## GIVEN INFORMATION
####################

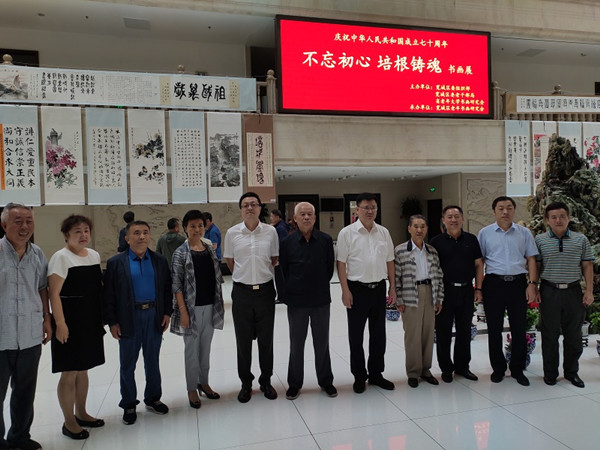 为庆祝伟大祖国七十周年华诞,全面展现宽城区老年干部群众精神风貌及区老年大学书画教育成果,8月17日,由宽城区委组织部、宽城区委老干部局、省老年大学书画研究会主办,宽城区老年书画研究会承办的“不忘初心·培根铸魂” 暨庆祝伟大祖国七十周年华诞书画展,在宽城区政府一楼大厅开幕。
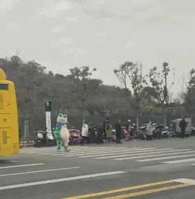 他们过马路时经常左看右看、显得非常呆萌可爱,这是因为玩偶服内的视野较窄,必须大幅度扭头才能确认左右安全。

####################

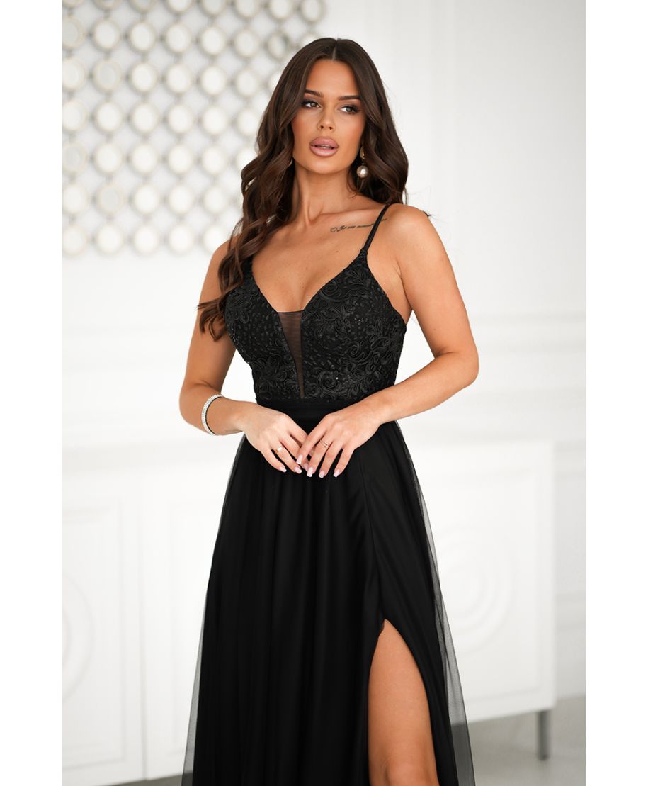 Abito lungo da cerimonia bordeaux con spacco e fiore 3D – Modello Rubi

####################

## TASK OBJECTIVE
Your answer must be everything above from the line with "为庆祝伟大祖国七十周年华诞,全面展现宽城" down to the line with "他们过马路时经常左看右看、显", word for word, and no pictures.

## EXERCISE RESULT
 为庆祝伟大祖国七十周年华诞,全面展现宽城区老年干部群众精神风貌及区老年大学书画教育成果,8月17日,由宽城区委组织部、宽城区委老干部局、省老年大学书画研究会主办,宽城区老年书画研究会承办的“不忘初心·培根铸魂” 暨庆祝伟大祖国七十周年华诞书画展,在宽城区政府一楼大厅开幕。
 他们过马路时经常左看右看、显得非常呆萌可爱,这是因为玩偶服内的视野较窄,必须大幅度扭头才能确认左右安全。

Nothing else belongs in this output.